Но что это я все о приобретениях гостей? Тем более что их добыча уже была размещена где надо, а сами же они с бокалами шампанского приступили к светским разговорам либо рассматривали стенды с фотографиями, чертежами, планами реставрации памятника истории и культуры. Или даже внимали архитектору, стоявшему с указкой у стендов. Слышалось: «Уже в семнадцатом веке в усадьбе были каменные здания, включенные затем в ее главный дом и северный флигель. Древнейшей частью главного дома является белокаменный объем рубежа шестнадцатого — семнадцатого столетий, находящийся теперь целиком ниже уровня земли…» «О! — обрадовался гость с кофром на плече. — Ниже земли! Это для привидений!» «Привидений? — растерялся архитектор. — Я не по привидениям. Привидений вообще нет. Я продолжу…» И последовали слова о дальнейших перестройках здания, в частности, для новых его владельцев Тутомлиных, о барокко, рококо и о том, что, в конце концов, главный дом усадьбы занял особое место в ряду московских жилых домов эпохи зрелого классицизма. «Что же, при зрелом, что ли, классицизме не бывает привидений?» — возмутился гость с кофром. «Фасады были гладко оштукатурены, — не дал себя сбить архитектор, — получили белокаменные тяги и карниз, а между ризалитами протянулся балкон на невысоких, широко расставленных консолях. Строгая простота отличает и внутренний облик дома. Парадная анфилада второго этажа, мы сейчас здесь и находимся, состоит из немногих помещений — зал с аванзалом, гостиная, спальня и кабинет, — но замечательна по своим монументальным масштабам. Гостиная — самое крупное помещение дома…» «В гостиную нас не пустят. Туда мы не приглашены…» — вздохнули в аванзале. «Это как же! — теперь уже вскричал гость с кофром. — Ризалиты здесь есть, белокаменные тяги есть, а привидений нет! Что вы нам головы морочите! Зачем вы нас заманивали?»
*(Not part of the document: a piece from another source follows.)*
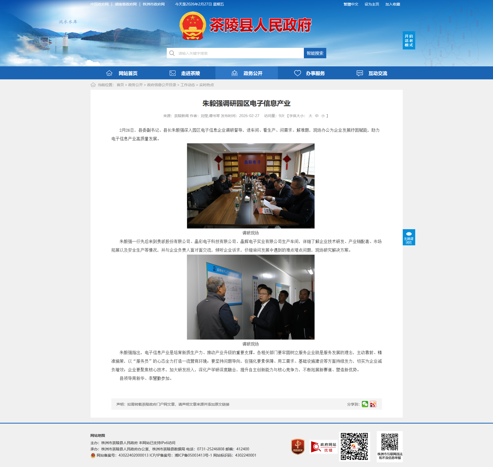 2月26日,县委副书记、县长朱毅强深入园区电子信息企业调研督导,进车间、看生产、问需求、解难题,现场办公为企业发展纾困赋能,助力电子信息产业高质量发展。

— Вас никто не заманивал, — сказал Дударев. — А привидение будет. Будет.

Шеврикука удивился. Дударев мог ответить уклончиво: мол, всякое случается, мол, речь идет о столетиях, вдруг что-нибудь отсырело, или заплесневело, или впало в спячку и кто вправе давать какие-либо гарантии? Но заверение Дударева прозвучало нагло-категорично. Будет, и все. Это Шеврикуку насторожило.

— Да. Будет, — сказал Дударев. — Но не сейчас. И не для всех. Сегодня не для всех. Увы, не мы избирали претендентов, они избирали нас. Однако я не понимаю, отчего вас так волнует привидение. Привидение, оно и есть привидение. Не более того. Мы ведь приглашали вас познакомиться с историческими и архитектурными ценностями дворца. Их множество. И я просто не понимаю…
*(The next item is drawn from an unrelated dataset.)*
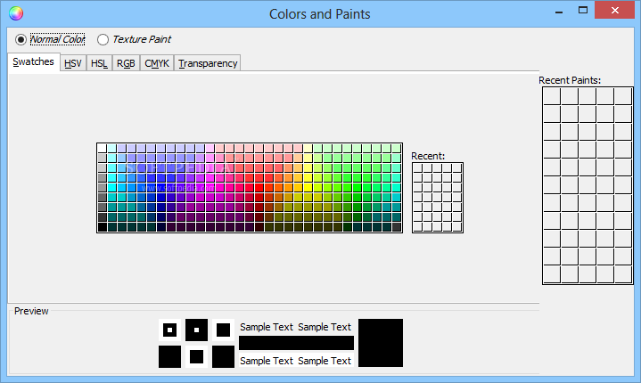 There are numerous types of spectrums, that you can use when painting, according to which kind of colors you wish to use. You can choose from the classic RGB scheme to CMYK or HSV color collections.

Похоже, недоумение Дударева было искренним.

— Ведь столько здесь всего представлено на стендах… Одна история балбеса и пятиметра Панкратия Тутомлина чего стоит! И как главнокомандующий Москвы граф Гудович снял с него очки! — Видимо, судьба вертопраха Панкратия была чем-то особенно дорога Дудареву. Но тут же Дударев и спохватился: — Уважаемые гости. Прошу извинения. Я здесь не главный и в деле новый, возможно, растерялся и кого-то обидел. Это непростительно. Приглашения всем вам были посланы с почтением и надеждой, что наши усилия будут интересны представителям самых разных слоев московского населения. Вечером же здесь произойдет деловой саммит претендентов. Возможно, ни один из них город не устроит. А к вам со словом обратится наш замечательный полпрефект гражданин Кубаринов. Прошу вернуться к подносам и столам.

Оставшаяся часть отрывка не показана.